** Opening MATERIAL SUPPLIED block **

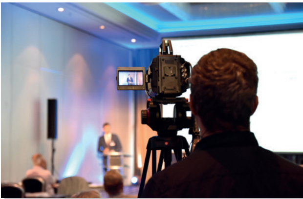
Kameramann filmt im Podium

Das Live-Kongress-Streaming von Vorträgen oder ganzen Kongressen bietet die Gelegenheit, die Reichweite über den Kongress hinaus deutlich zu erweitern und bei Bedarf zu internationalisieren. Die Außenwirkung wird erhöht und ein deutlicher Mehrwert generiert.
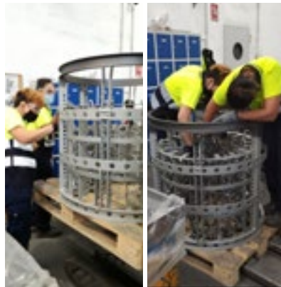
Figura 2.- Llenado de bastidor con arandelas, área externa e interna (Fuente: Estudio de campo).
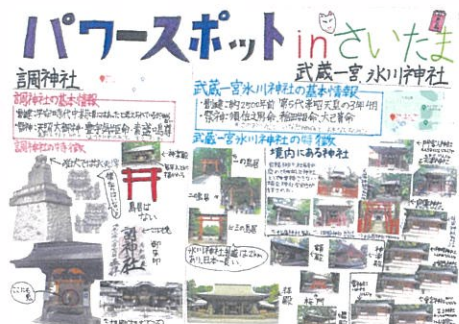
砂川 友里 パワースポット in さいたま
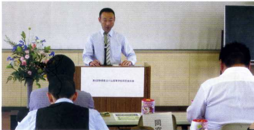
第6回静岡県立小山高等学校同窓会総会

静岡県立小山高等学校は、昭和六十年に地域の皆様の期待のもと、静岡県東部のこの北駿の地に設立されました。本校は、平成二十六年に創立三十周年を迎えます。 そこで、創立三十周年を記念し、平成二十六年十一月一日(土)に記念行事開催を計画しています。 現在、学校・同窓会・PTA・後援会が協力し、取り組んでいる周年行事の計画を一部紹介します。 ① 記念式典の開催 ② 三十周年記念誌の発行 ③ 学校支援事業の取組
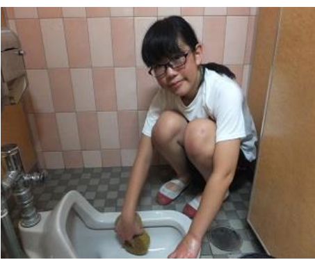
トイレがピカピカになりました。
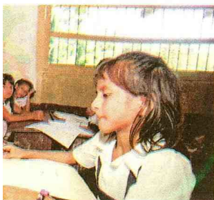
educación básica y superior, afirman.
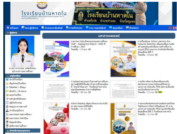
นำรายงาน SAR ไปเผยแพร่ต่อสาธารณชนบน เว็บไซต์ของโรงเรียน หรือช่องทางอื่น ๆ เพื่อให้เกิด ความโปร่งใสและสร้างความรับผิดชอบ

** Closing MATERIAL SUPPLIED block **

ASSIGNMENT: An image-free, exact version of the listing above is required.

RESPONSE TO THIS EXERCISE:
Kameramann filmt im Podium

Das Live-Kongress-Streaming von Vorträgen oder ganzen Kongressen bietet die Gelegenheit, die Reichweite über den Kongress hinaus deutlich zu erweitern und bei Bedarf zu internationalisieren. Die Außenwirkung wird erhöht und ein deutlicher Mehrwert generiert.
Figura 2.- Llenado de bastidor con arandelas, área externa e interna (Fuente: Estudio de campo).
砂川 友里 パワースポット in さいたま
第6回静岡県立小山高等学校同窓会総会

静岡県立小山高等学校は、昭和六十年に地域の皆様の期待のもと、静岡県東部のこの北駿の地に設立されました。本校は、平成二十六年に創立三十周年を迎えます。 そこで、創立三十周年を記念し、平成二十六年十一月一日(土)に記念行事開催を計画しています。 現在、学校・同窓会・PTA・後援会が協力し、取り組んでいる周年行事の計画を一部紹介します。 ① 記念式典の開催 ② 三十周年記念誌の発行 ③ 学校支援事業の取組
トイレがピカピカになりました。
educación básica y superior, afirman.
นำรายงาน SAR ไปเผยแพร่ต่อสาธารณชนบน เว็บไซต์ของโรงเรียน หรือช่องทางอื่น ๆ เพื่อให้เกิด ความโปร่งใสและสร้างความรับผิดชอบ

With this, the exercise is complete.